→ **TASK DESCRIPTION**
Leave every picture out and give back the lines below from the first through the line that holds "廚師會將漢堡排煎烤至五分熟左", exactly as written.

→ **DATA EXCERPTS**
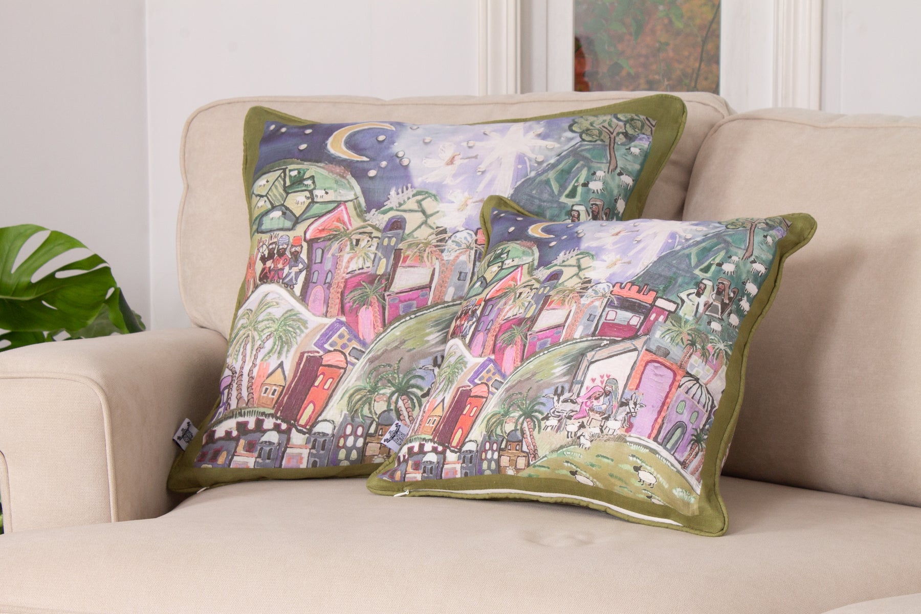 D-481 CATCH THE INEXPRESSIBLE JOY OF CHRISTMAS - Large Hand Painted Luxury Organic Linen Sham, 22" x 22"
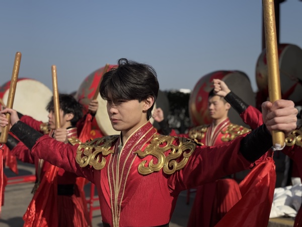 图为武工商学子参与央视春晚武汉分会场主题节目《星汉耀江城》鼓阵表演录制
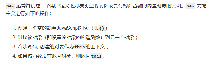 这个在面试中经常会碰到,其实很简单,只要理解new运算符做了什么就可以了。去MDN上查找关于new运算符的解释:
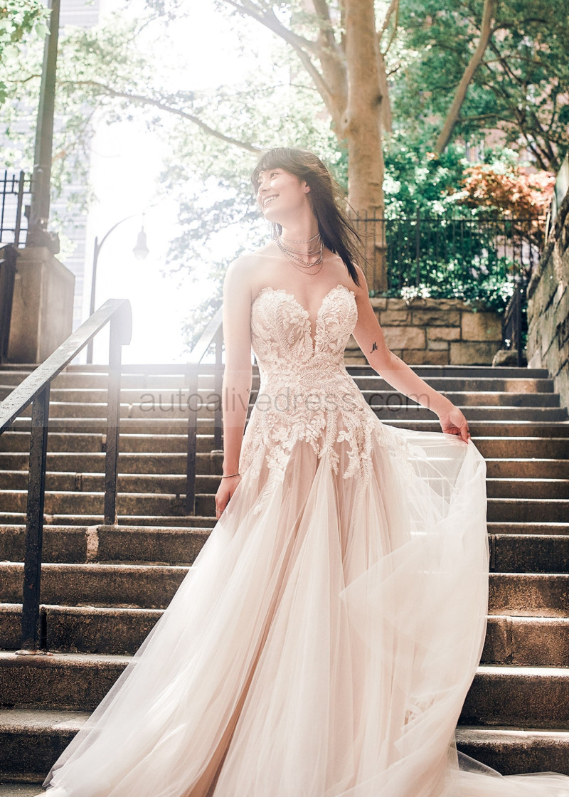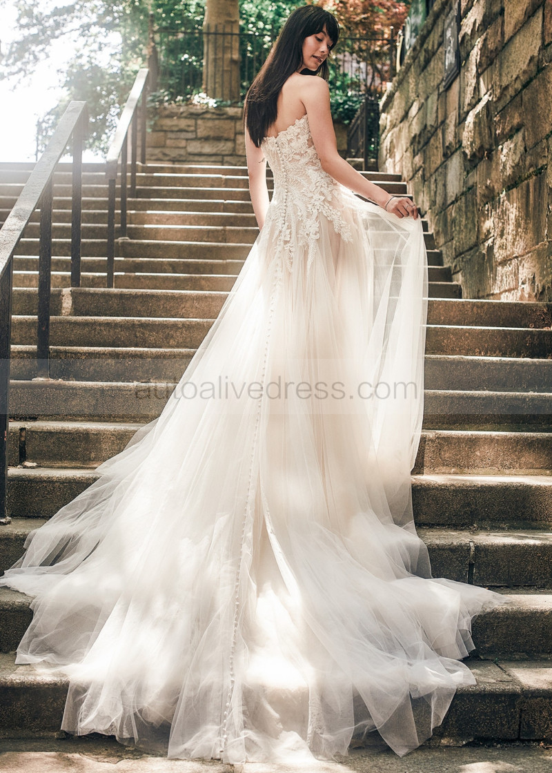 Strapless Beaded Ivory Lace Tulle Wedding Dress With Buttons
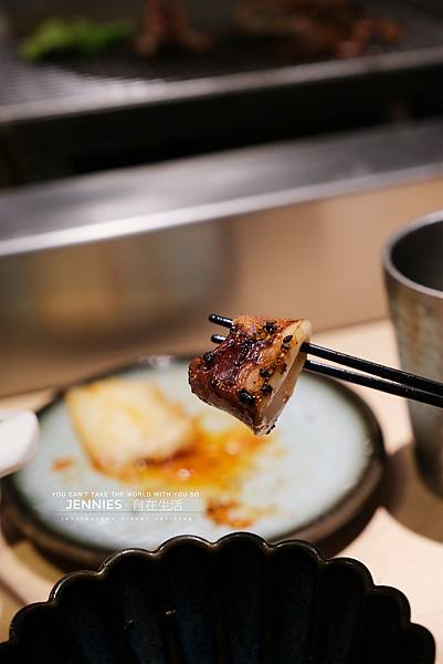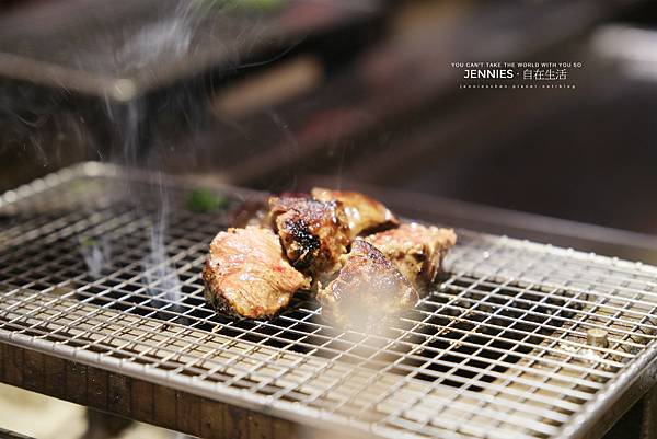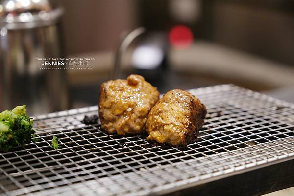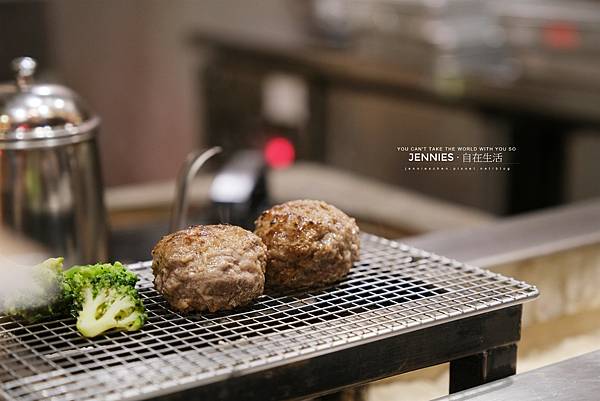 廚師會將漢堡排煎烤至五分熟左右,送到客人面前的這個炭槽上透過炭火繼續加熱,熟度可以隨個人喜好增加或遞減。上次吃的另外一間是給三顆漢堡排肉,這邊是二顆,另外還有花椰菜搭配。烤的香嫩的漢堡排肉可以先暫時放在鐵網上讓它繼續再烤一下。餐廳另外也有立蛋的獎勵贈送。
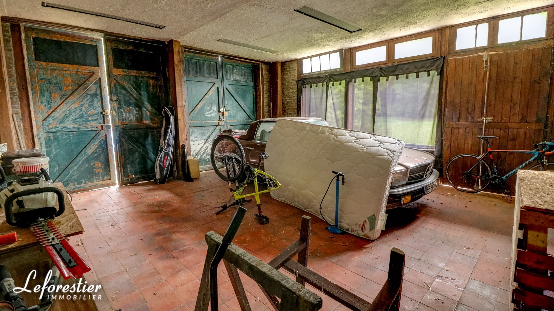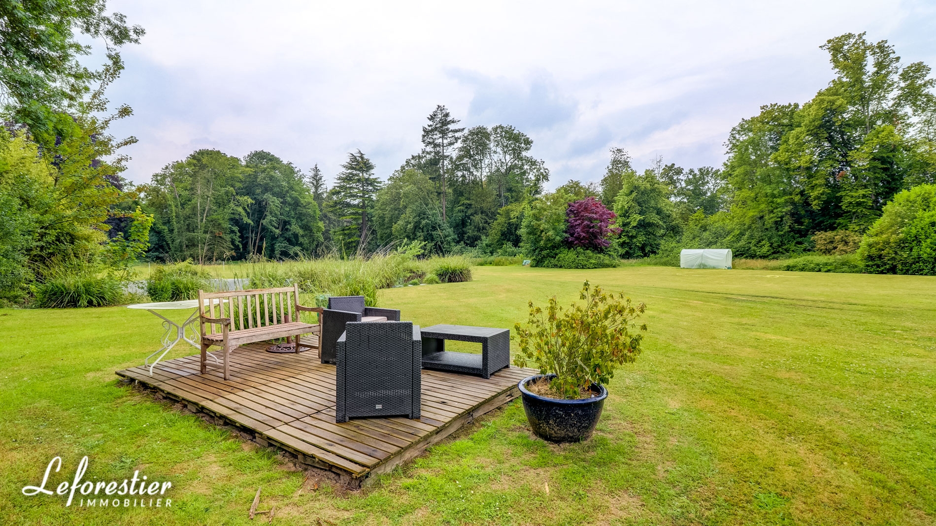 Dans le parc, un ravissant pavillon est divisé en grand appartement avec 2 chambres à l’étage et en 3 garages au rez-de-chaussée.
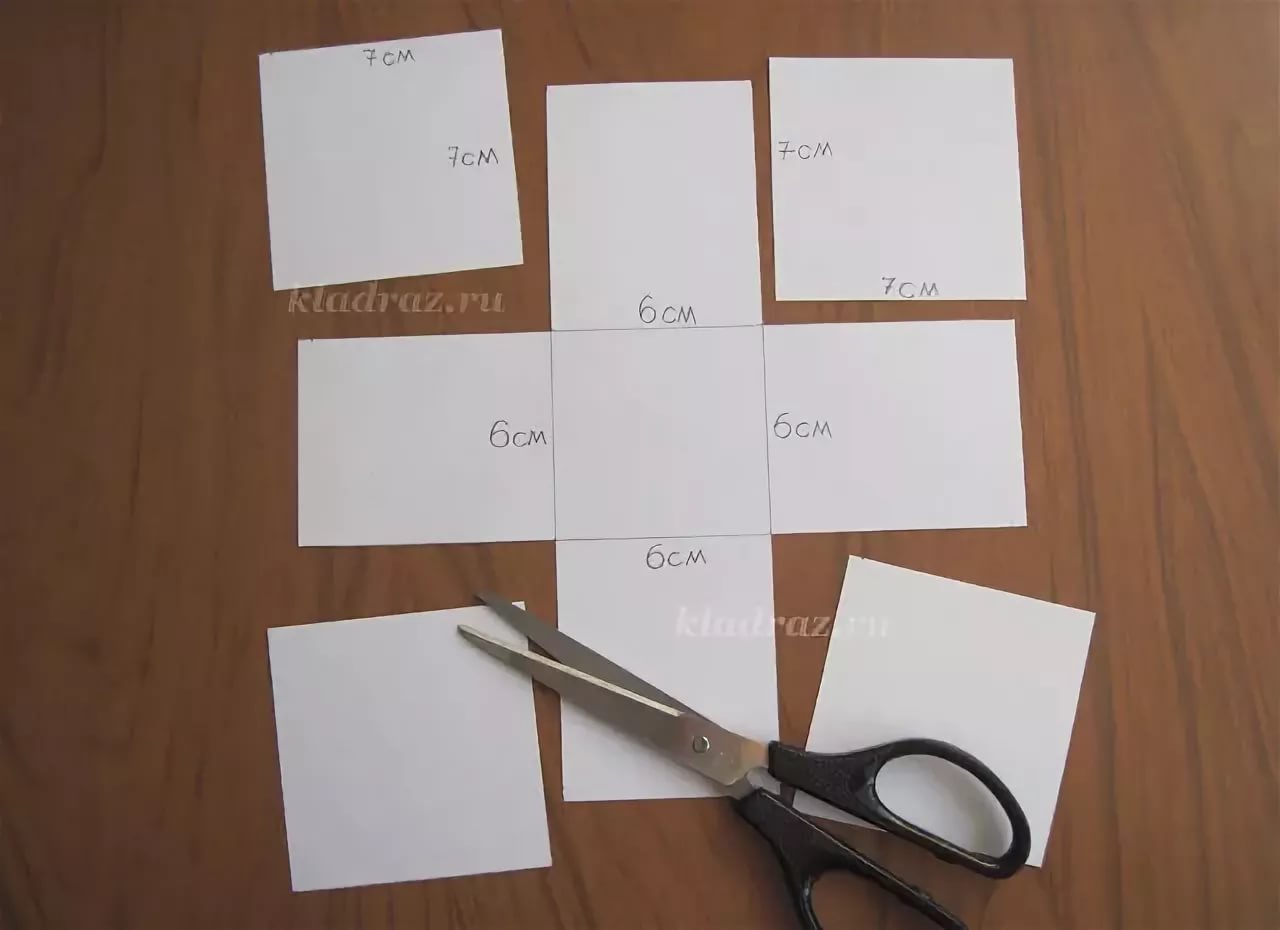- Next, it is necessary to cut out 6 squares of scrap paper with side lengths corresponding to the prepared cross, that is, 9 cm. Five squares will be used immediately, the sixth figure will lie idle for a while.
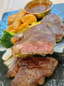 The steak is seared to perfection, with a lightly charred exterior and a juicy, pink interior. The beef flavor is rich, and the aroma of the sizzling hot plate makes it even more appetizing. Served with stir-fried vegetables and crispy potato wedges, it's a satisfying and filling meal.
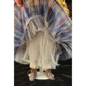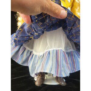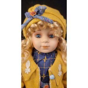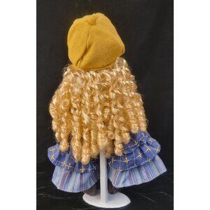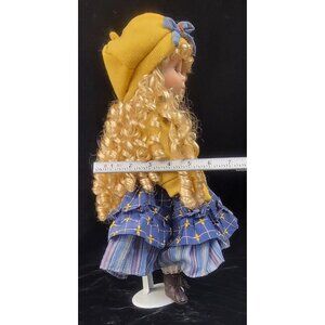 Vintage Debbie Doll by Debbie Visconti, 2006. This porcelain doll Porcelain Doll is identified as "Debbie" from the Debbie Collection Special Edition, crafted by Debbie Visconti and released in 2006. She features long, blond curly hair, blue eyes, and is wearing a blue plaid dress and matching sweater and hat. Her head, arms, and feet are porcelain, coupled with a soft body. Approximate height is 15 inches. Stand included. Please see the provided photos for further details.
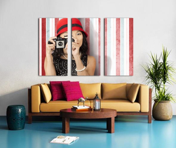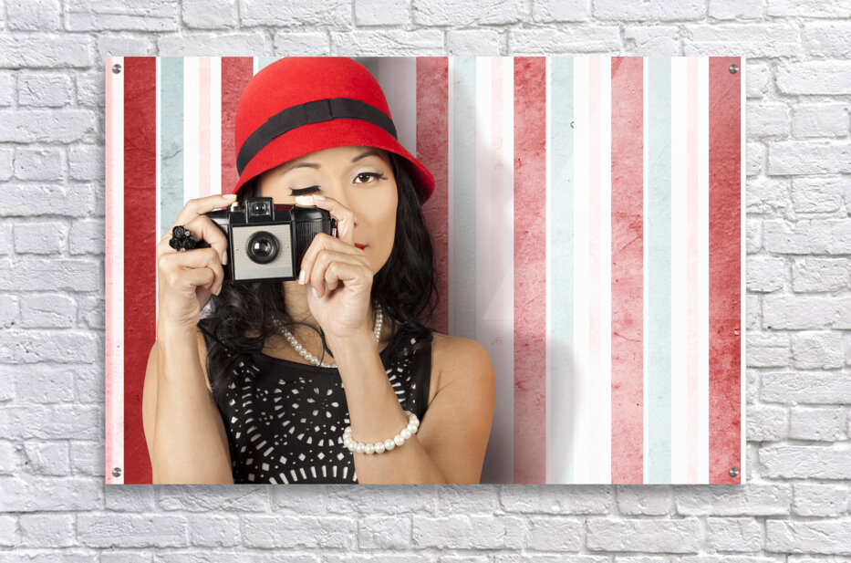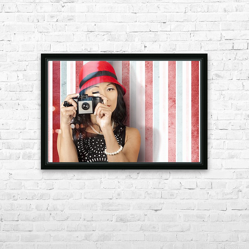 Pin-up photographer in 40s fashion holding camera Picture Frame Printing
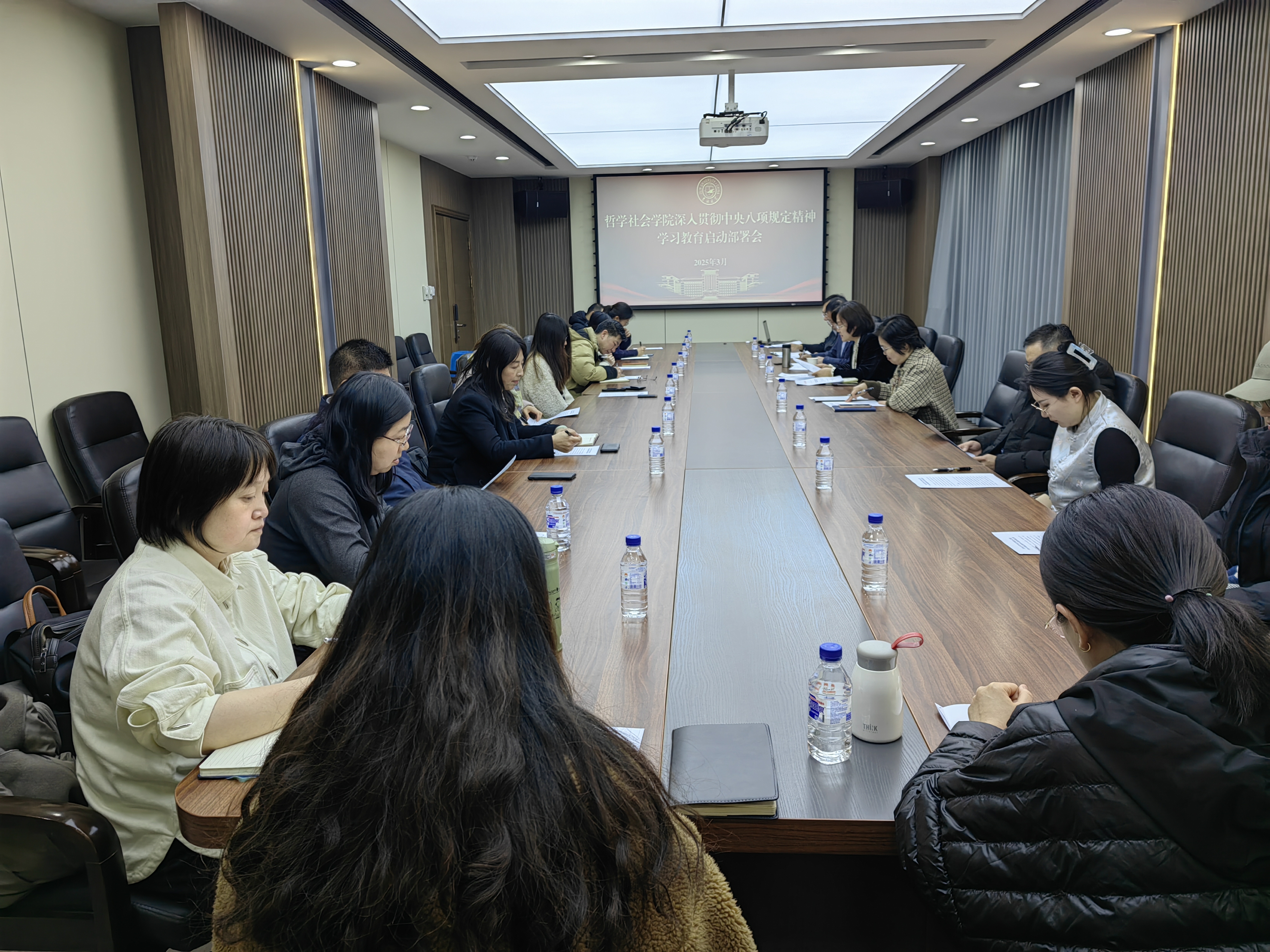 会议结束后,学院党委理论学习中心组学习扩大会随即开展理论学习,认真学习了中央政治局关于改进工作作风、密切联系群众的八项规定及其实施细则。
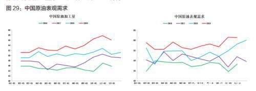 从中国原油的表观需求看, 1-11月原油表观需求累计为6.36亿吨,去年1-11月为5.89亿吨,同比增加 7.98%。从中国原油加工情况看, 2019年1-11月份中国原油加工量为5.9亿吨,去年1-11月为5.55 亿吨,同比增加6.3%。11月份中国原油隐含库存情况为同比下降248万吨,环比增加164万吨,环比呈现累库的态势。
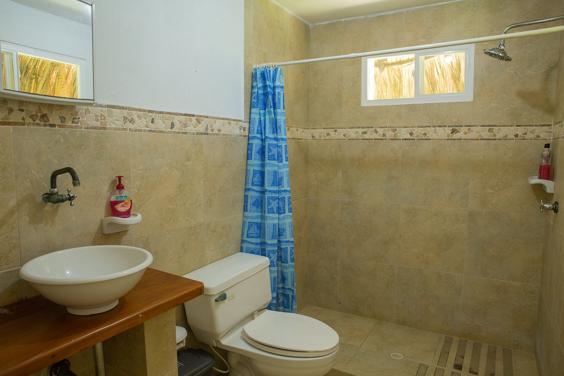El área de los cuartos se distribuye a lo largo del pasillo; en total hay 4 habitaciones, dos con camas king size y baño privado y 2 habitaciones con 3 camas individuales. Todos los dormitorios tienen aire acondicionado.

→ **RESULT FOR THIS EXERCISE**
 D-481 CATCH THE INEXPRESSIBLE JOY OF CHRISTMAS - Large Hand Painted Luxury Organic Linen Sham, 22" x 22"
 图为武工商学子参与央视春晚武汉分会场主题节目《星汉耀江城》鼓阵表演录制
 这个在面试中经常会碰到,其实很简单,只要理解new运算符做了什么就可以了。去MDN上查找关于new运算符的解释:
 Strapless Beaded Ivory Lace Tulle Wedding Dress With Buttons
 廚師會將漢堡排煎烤至五分熟左右,送到客人面前的這個炭槽上透過炭火繼續加熱,熟度可以隨個人喜好增加或遞減。上次吃的另外一間是給三顆漢堡排肉,這邊是二顆,另外還有花椰菜搭配。烤的香嫩的漢堡排肉可以先暫時放在鐵網上讓它繼續再烤一下。餐廳另外也有立蛋的獎勵贈送。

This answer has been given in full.